Мать налила Дмитрию полстакана водки, Петру — чуть поменьше, себе — совсем на донышке.
— Это уж так, вроде бы для порядка, с тобой за компанию, сынок. За твой приезд! — Мать чокнулась с сыновьями и, горько морщась, выпила.
Выпил и Дмитрий. Закусил соленым огурцом. Зная страсть Дмитрия к огурцам, мать утром выпросила несколько штук у соседки, пообещав ей взамен капустной рассады, которой она славилась на всю улицу.
— Сашка все в пожарных? — спросил Дмитрий.
— Все там же, а где же ему с его образованием. Только там ему и место. Лежи себе целый день-деньской и жди пожара. А в наших местах их сроду не бывало, стены обмазаны глиной, крыши из пласта, и гореть-то нечему.
— Ну, это ты зря, мама. В Москве и каменные дома горят.
— Каменные? — удивилась мать и хотела что-то спросить у сына, но в это время дверь с шумом отворилась, и в избу вихрем влетел запыхавшийся Сашка. Следом за ним вбежала Иринка.
Обнялись, расцеловались. Рассматривая друг друга и не зная, что сказать в первую минуту, Дмитрий и Сашка стояли и переминались с ноги на ногу.
— А ты тово… стал… этого… ну, сам понимаешь… — Оторопевший от радости Сашка подыскивал подходящее слово.
— А ты тоже того… этого… — Дмитрий захохотал, хлопая брата по плечу. — В общем, сам знаешь: в огороде бузина, а в Киеве дядька!
— Нет, правда, здорово возмужал, — нашелся, наконец, Сашка.
— И я про то же самое. Прямо не узнаю тебя. Хоть бороду отпускай.
Сашке шел двадцать третий год.
Из братьев он рос самым отчаянным. Не зря его с детства звали Батькой Махно. Удаль так и кипела в его серых глазах. Густая копна каштановых волос тяжелыми волнистыми наплывами спадала на виски, закрывая уши.

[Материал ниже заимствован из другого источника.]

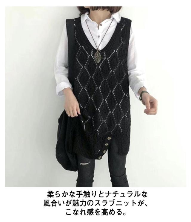 | 『ラフでお洒落な大人女子に。』 センスアップを実現してくれるニットベスト♪ 柔らかな手触りとナチュラルな風合いが魅力のスラブニットが、こなれ感を高める。 ゆるっと編んだ透け感のある素材だから、ロングシーズンご愛用いただけます。 レイヤードスタイルが楽しめる、深めのVネックライン。 コーデにプラスするだけで簡単にお洒落に差がつく優秀itemです♪ | |
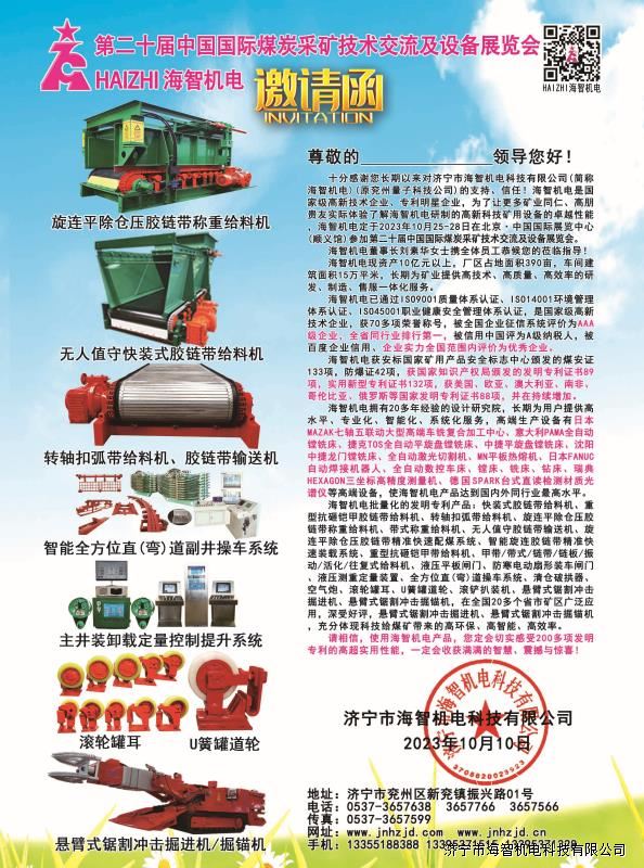 > 邀請函-第二十屆中國國際煤炭采礦技術(shù)交流及設(shè)備展覽會(huì)2023.10.25-28
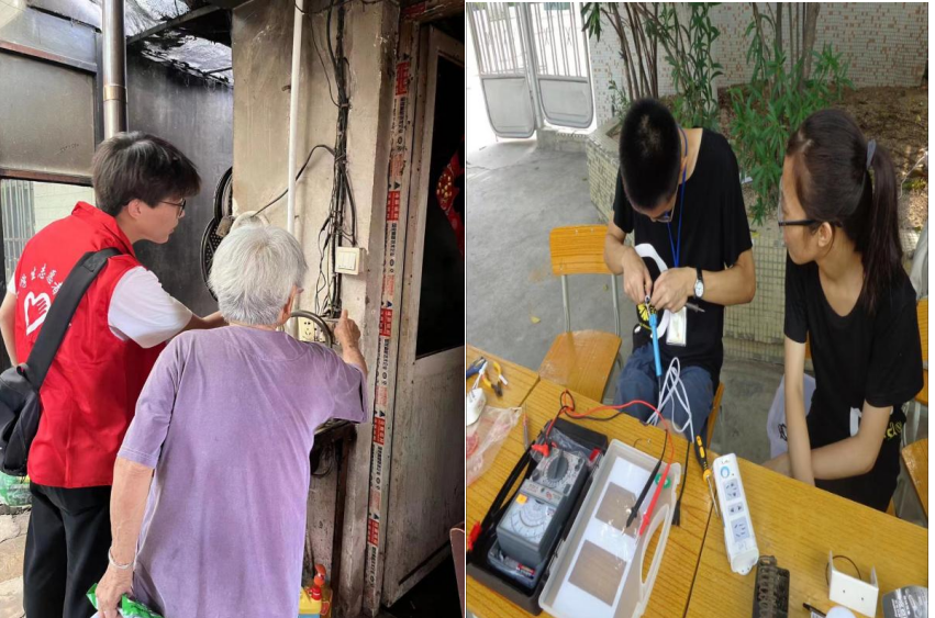图三 为居民排除角落里老旧的电线以及修缮
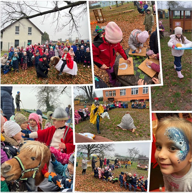 A protože máme rádi návštěvy a pro děti se snažíme vymýšlet stále nové a nové prožitky, den sv. Martina se přímo nabízel k tomu, uspořádat další parádní akci. Na tento den, jsme pozvali k nám do MŠ naše německé kamarády, se kterými pravidelně udržujeme kontakt a střídáme se ve společných setkáních. Paní učitelky vymyslely zážitkový projektový den a prostřednictvím dramatického příběhu dětem přiblížily legendu a pranostiky o sv. Martinovi. Děti měly možnost vyzkoušet házení opravdovou podkovou, nosily svatomartinskou husu, jezdily na pomyslném koníkovi a s Martinem zajeli svatomartinskou jízdu aj. Vrcholem společného dopoledne byl příjezd opravdového Martina na skutečném koníkovi, což byl pro děti ten největší zážitek. Za tento opravdu nevšední zážitek mockrát děkujeme Martínku Molnárovi a jeho mamince a jejich poníkovi Romeovi. Ten den nám sice Martin sníh nedovezl, ale o pár dní později jsme už první sněhové vločky na zahradě chytali.
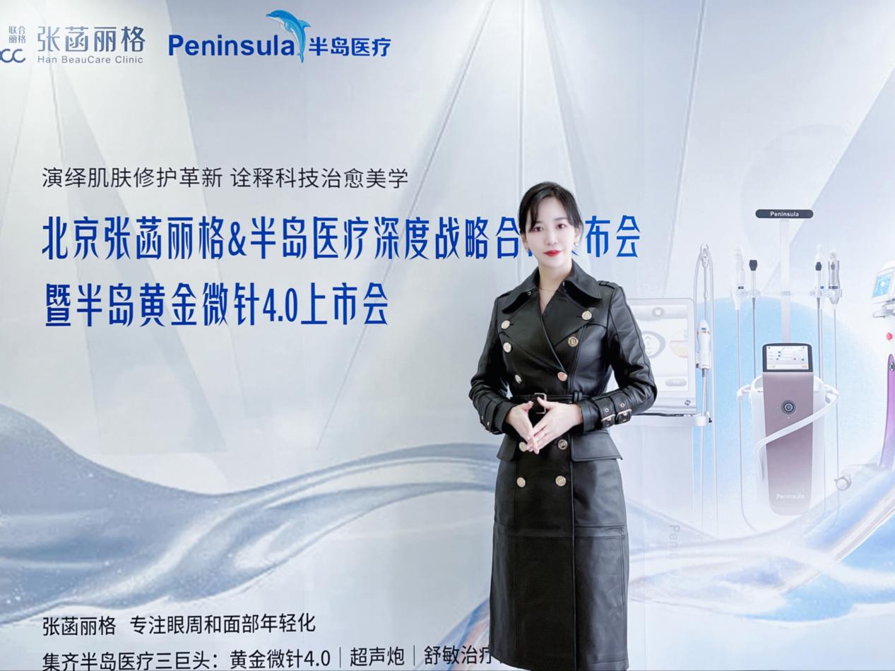 张鑫医生发布会发言:“半岛黄金微针4.0这款仪器,利用镀过黄金的细小微针将RF能量精确作用于靶组织,可安全、准确、均匀有效地加热深层真皮的胶原蛋白,使胶原纤维收缩、重塑,让面部达到美容年轻的效果有效的展现。相信半岛黄金微针和张菡丽格的联动,必将推动皮肤美容技术临床应用上迈向更高水平,给广大求美者更专业、更好的皮肤年轻化体验。”
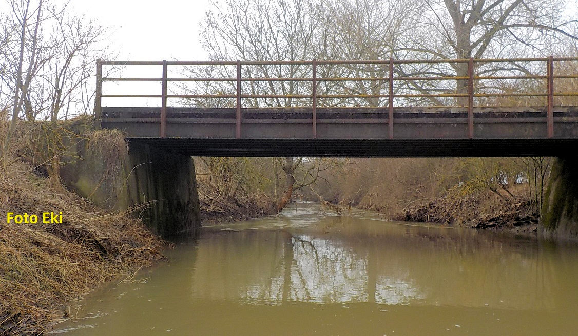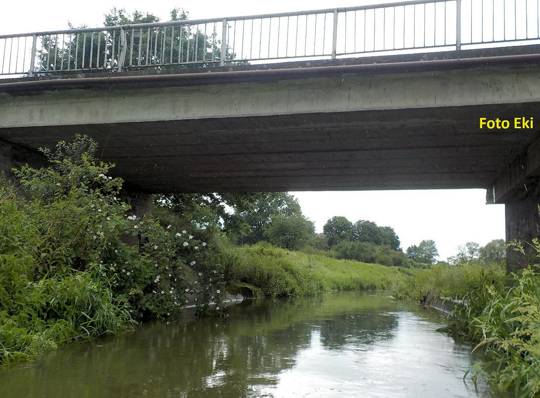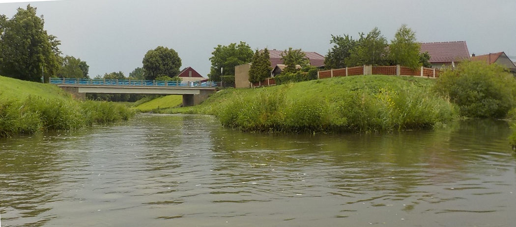 Podplouvám pak i modře natřený silniční most ve Vestci. Následuje další srovnaný úsek mezi poli, kde mi společnost dělají kachny a vousaté nutrie.
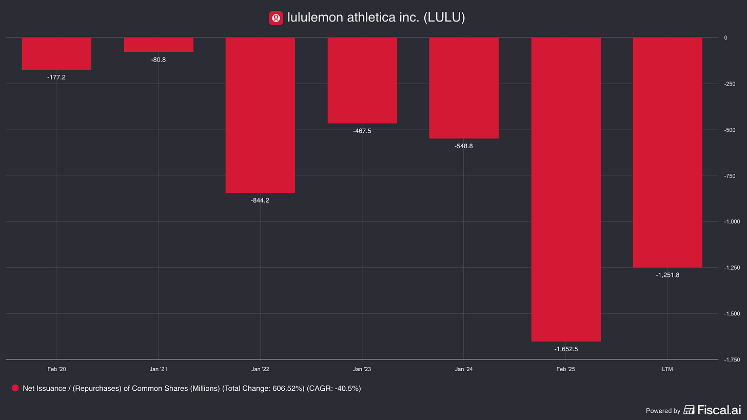 While historically the company retained cash, it is now spending to reduce the share count, repurchasing 5.1 million shares in 2024 alone. As of the last twelve months lululemon has been directing ~2/3 of its operating cash flow towards share repurchases.
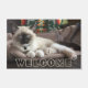 ようこそ愛らしい青い目のシャム猫 ドアマット
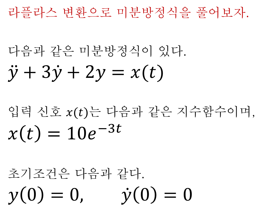 다음과 같이 y''+3y'+2y = x(t) 라는 미분방정식이 있다고 해보자. 이 미분방정식의 해를 라플라스 변환으로 구해보자.
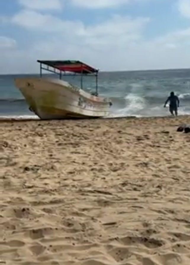 partially beached boat on a sandy beach. The boat is white with a red and green canopy and graffiti on its side. The waves are lapping around the boat. A man is standing in the water near the boat. The sky is blue with scattered clouds. The sand is a light tan color. There are some dark objects in the foreground to the right. The video appears to be taken from under an umbrella, partially visible in the upper left.
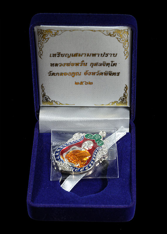 เหรียญมหาเศรษฐี พ.ศ.2549 "เนื้อเงินลงยา" หลวงปู่ทิม วัดพระขาว จ.อยุธยา สวยๆ พร้อมตลับเงิน |
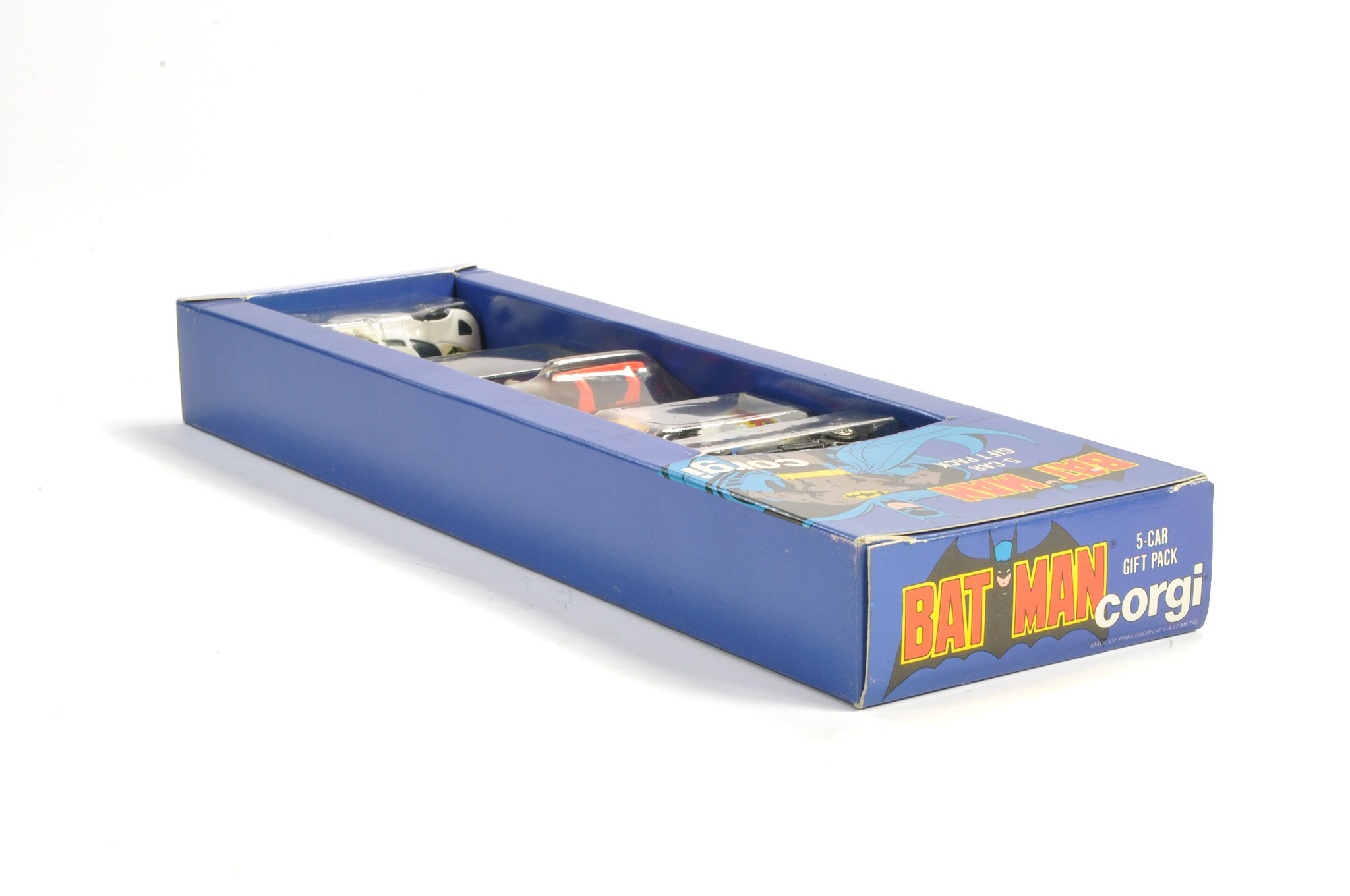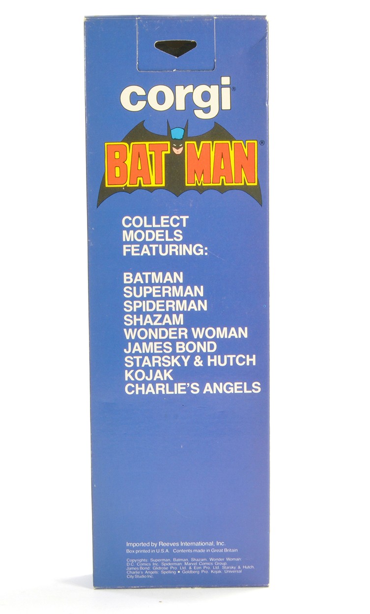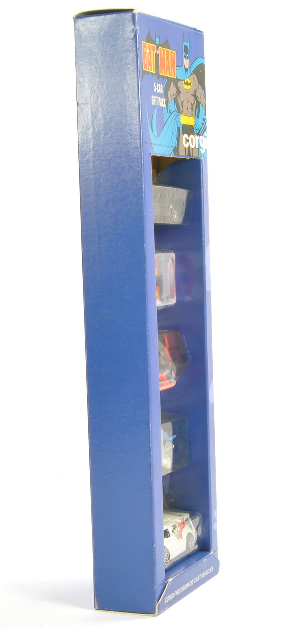 Corgi Juniors No. 7000 'Batman' 5-Car Gift Pack (USA - Reeves exclusive issue) comprising Penguinmobile, Batbike, Batmobile, Batcopter and Jokermobile. All look to be excellent within excellent blisters. Outer also generally excellent. Scarce set.

В его дерзком цыгановатом профиле, в котором сквозило что-то диковато-разбойное, проступал непокорный отцовский нрав.
— Ну что же, гуси-лебеди, по чарочке, по маленькой, чем поят лошадей? Все-таки как-никак, а прошло пять лет! Мать, что это у тебя на столе хоть шаром покати?
— А тебе так и не терпится! Садись, похлебай щей, а чем поят лошадей — после бани. Нетто отпросился, что к чарочке-то потянулся?
— Отпустил начальник.
После легкого обеда мать и Иринка стали готовиться к встрече гостей.
Петр и Сашка занялись баней.
Пока мать и сестра хлопотали у печки, Дмитрий принялся разжигать самовар. Раздувая старым сапогом угли, он думал: «А была ли война? Был ли университет? И вообще, — было ли все? Неужели целых десять лет я не жил дома?»
Из поддувала самовара уже давно летели огненные искры, а Дмитрий, размечтавшись, все сжимал и сжимал в гармошку голенище ялового сапога.
Как и в былые годы, первыми пошли в баню мужики. С братьями Шадриными увязался соседский старикашка дед Евстигней, который уже давно потерял счет своим годам, но твердо помнил, что в японскую войну ему было сорок лет и что старшая дочь его в тот год вышла замуж.